Now, let me show you how to read it. At each stage, we have a decision. Remember most of our data which is yes or no, is going to be 0 or 1. So, the first decision point becomes: is Employed? less than 0.5? Meaning that if we have an employment value of 0, that is no, we're going to go left.If employment is 1, that is yes, we're going to go right.
So, were they previously employed? If not go left, if yes go right. It turns out that in my sample data, everyone who is currently employed actually got a job offer, so I can very quickly say if you are currently employed, yes, you're worth bringing in, we're going to follow down to the second level here.
So, how do you interpret this? The gini score is basically a measure of entropy that it's using at each step. Remember as we're going down the algorithm is trying to minimize the amount of entropy. And the samples are the remaining number of samples that haven't beensectioned off by a previous decision.
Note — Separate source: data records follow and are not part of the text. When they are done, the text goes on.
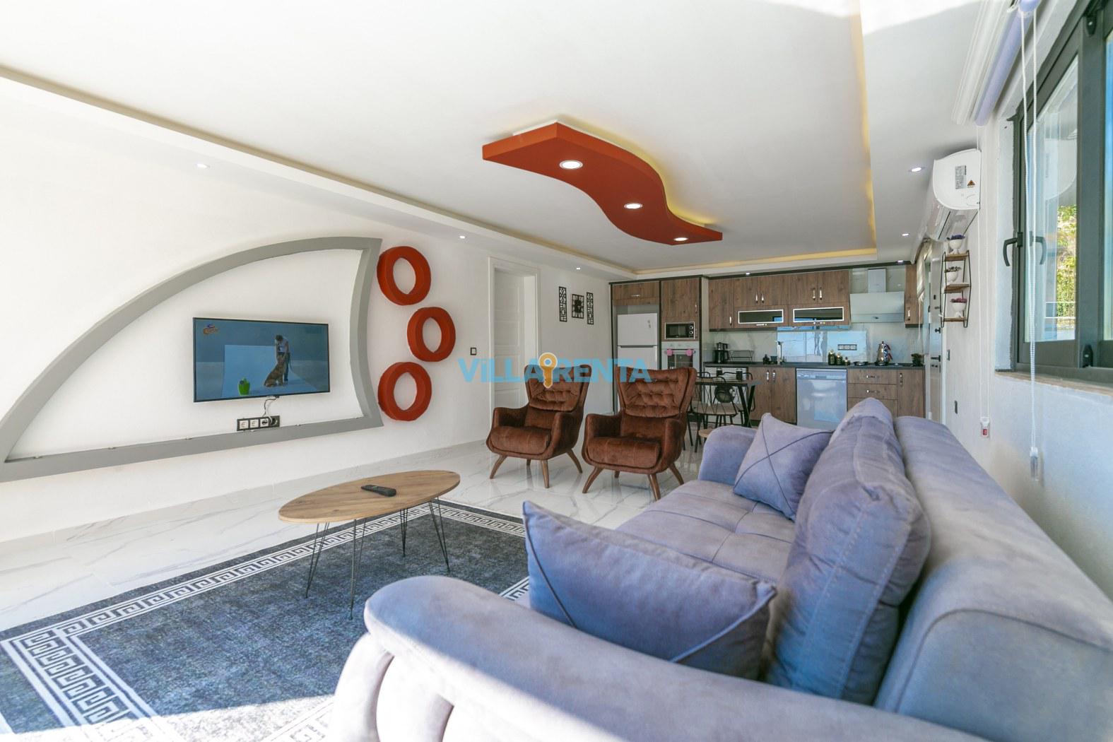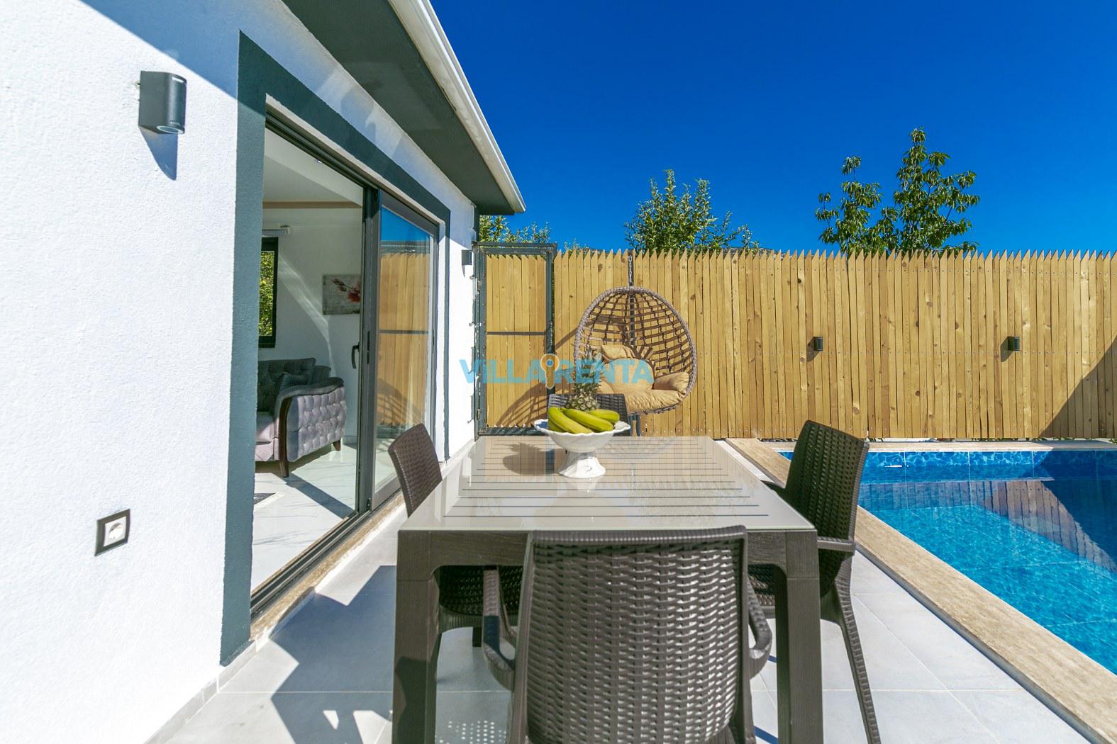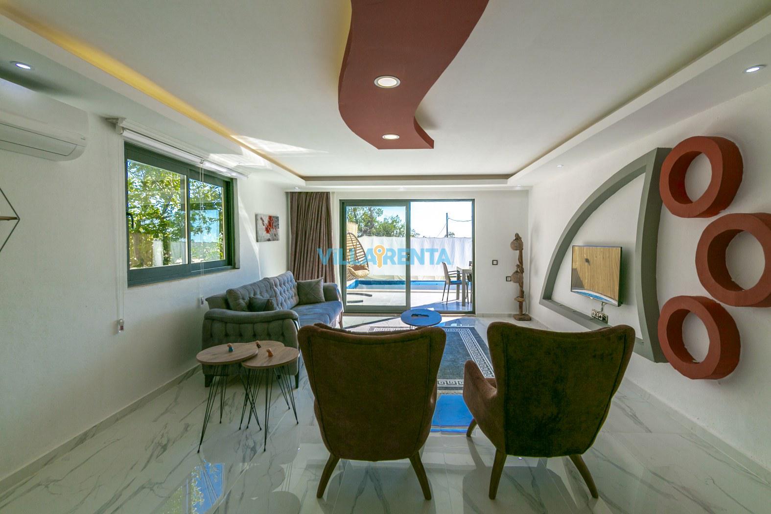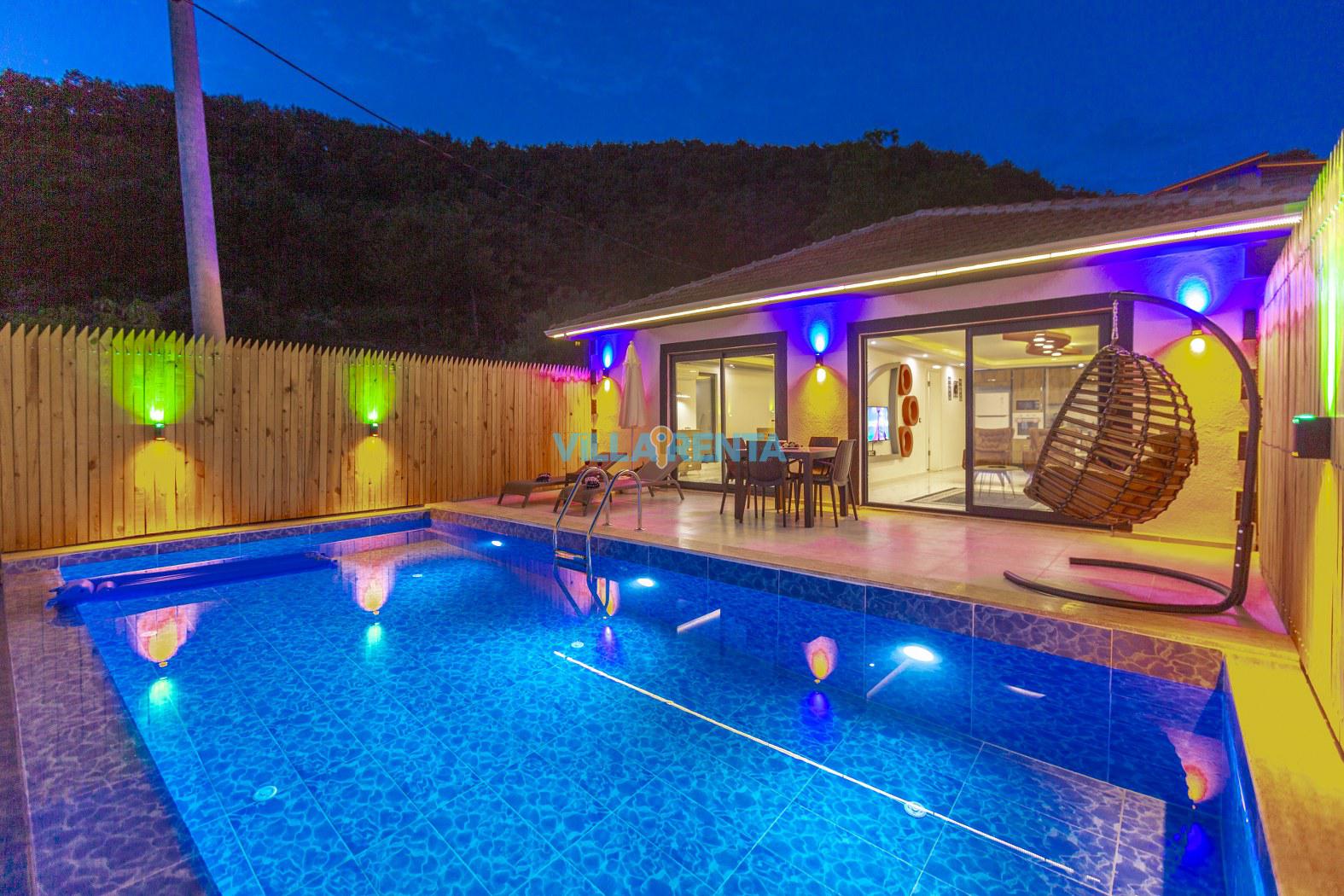 Villa Cosmo is located in Kalkan, Kalkan / İslamlar area. It is only 10 minutes drive away to the town center. It has an accommodation capacity for 2 people. Ideal for couples. It has a nature view. It has a very beautiful and comfortable decoration. This villa is secluded. The pool and terrace areas are not visible from the outside. It is ideal for those who want to have a holiday away from foreign eyes. The private pool, fully equipped kitchen and all the other details that complement your holiday pleasure in our villa offer everything you need for an isolated holiday away from the crowds, providing a pleasant and safe holiday opportunity.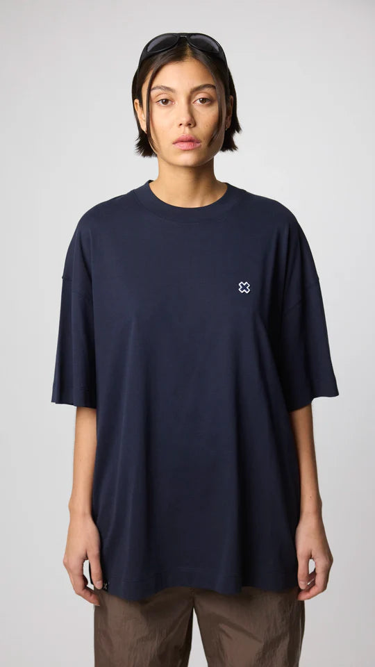 Camiseta con nuestra clásica X bordada en la parte delantera del pecho. Confeccionada con algodón 100% orgánico y corte boxy.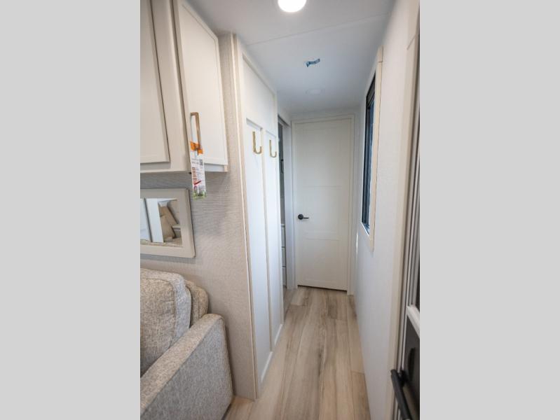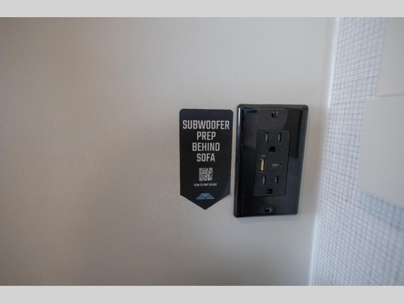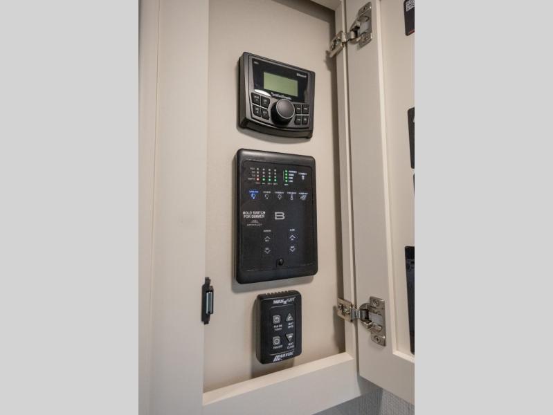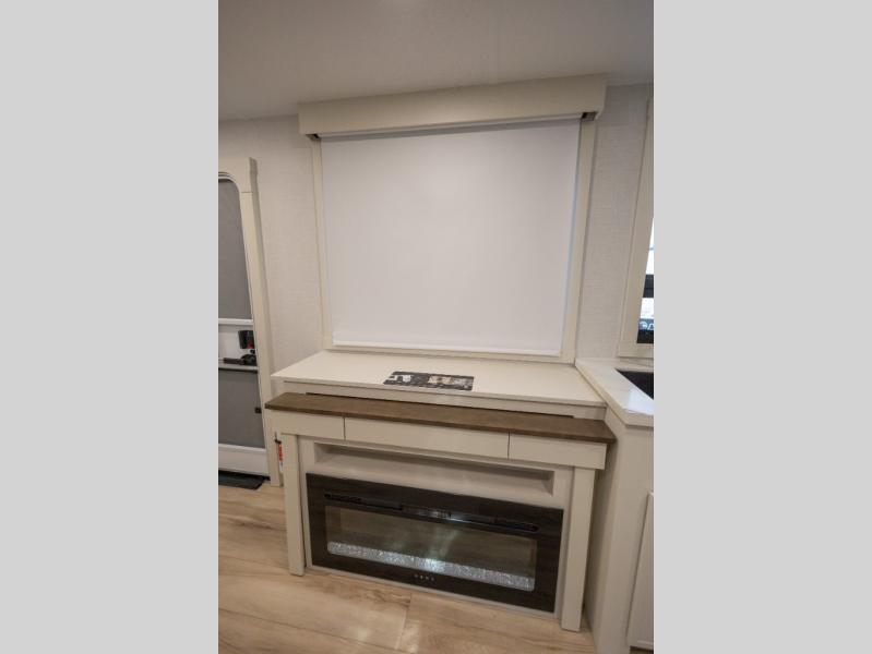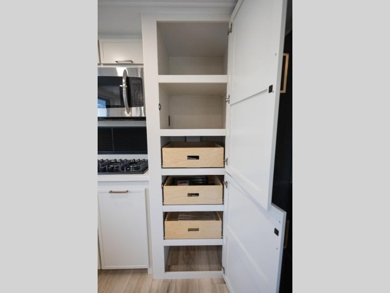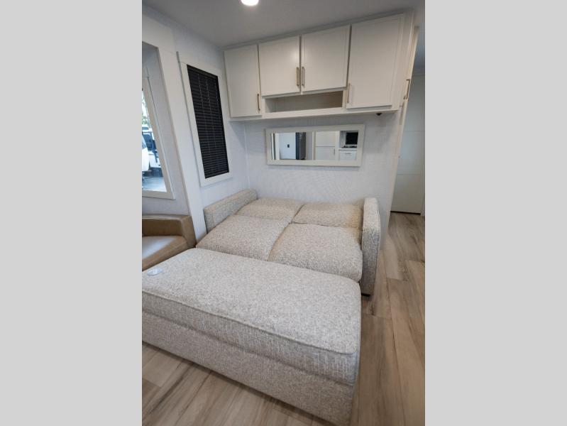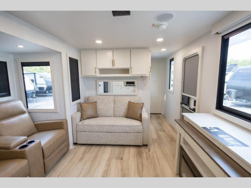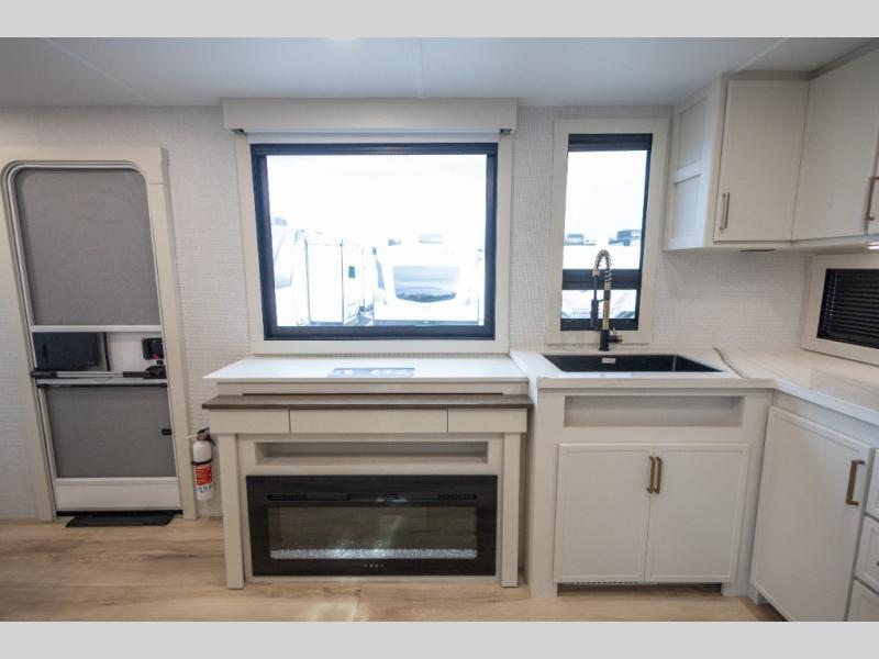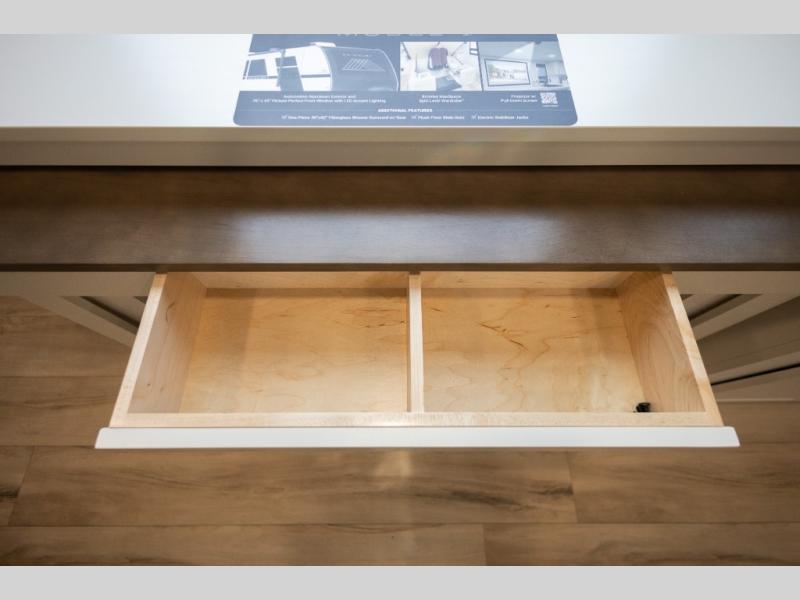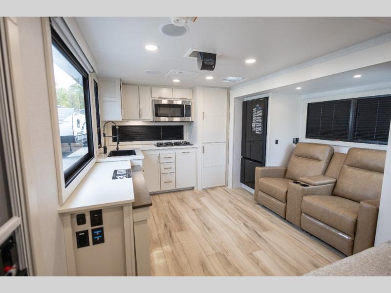 This travel trailer can comfortably sleep four with the king bed in the private bedroom and the tri-fold sofa in the main living area! The full bath features a spacious 42" x 30" shower with a built-in seat and Maxxair fan to name a few comforts. The front private bedroom features a 66" x 80" king bed with a MaxSpace Split-Level Wardrobe underneath to store shoes, clothes, and more! A slide out in the combined living area and rear kitchen makes your space more open, and you'll enjoy relaxing on the theater seating here in the evenings. The full kitchen includes a three burner stovetop, residential 30" convection microwave, 12 cu. ft. 12V refrigerator, plus a trash bin and Stow N' Go paper towel holder for added convenience. You can choose to eat outdoors under the 19' electric awning with LED lights or stay inside to dine at the pull-out dining table with a drawer for added storage!

So say this person was employed. The way to read the right leaf node is the value column that tells you at this point we have 0 candidates that were no hires and 5 that were hires. So again, the way to interpret the first decision point is if Employed? was 1, I'm going to go to the right, meaning that they are currently employed, and this brings me to a world where everybody got a job offer. So, that means I should hire this person.
Now let's say that this person doesn't currently have a job. The next thing I'm going to look at is, do they have an internship. If yes, then we're at a point where in our training data everybody got a job offer. So, at that point, we can say our entropy is now 0 (gini=0.0000), because everyone's the same, and they all got an offer at that point. However, you know if we keep going down(where the person has not done an internship),we'll be at a point where the entropy is 0.32. It's getting lower and lower, that's a good thing.
Next we're going to look at how much experience they have, do they have less than one year of experience? And, if the case is that they do have some experience and they've gotten this far they're a pretty good no hire decision. We end up at the point where we have zero entropy but, all three remaining samples in our training set were no hires. We have 3 no hires and 0 hires. But, if they do have less experience, then they're probably fresh out of college, they still might be worth looking at.
The final thing we're going to look at is whether or not they went to a Top-tier school, and if so, they end up being a good prediction for being a hire. If not, they end up being a no hire. We end up with one candidate that fell into that category that was a no hire and 0 that were a hire. Whereas, in the case candidates did go to a top tier school, we have 0 no hires and 1 hire.
So, you can see we just keep going until we reach an entropy of 0, if at all possible, for every case.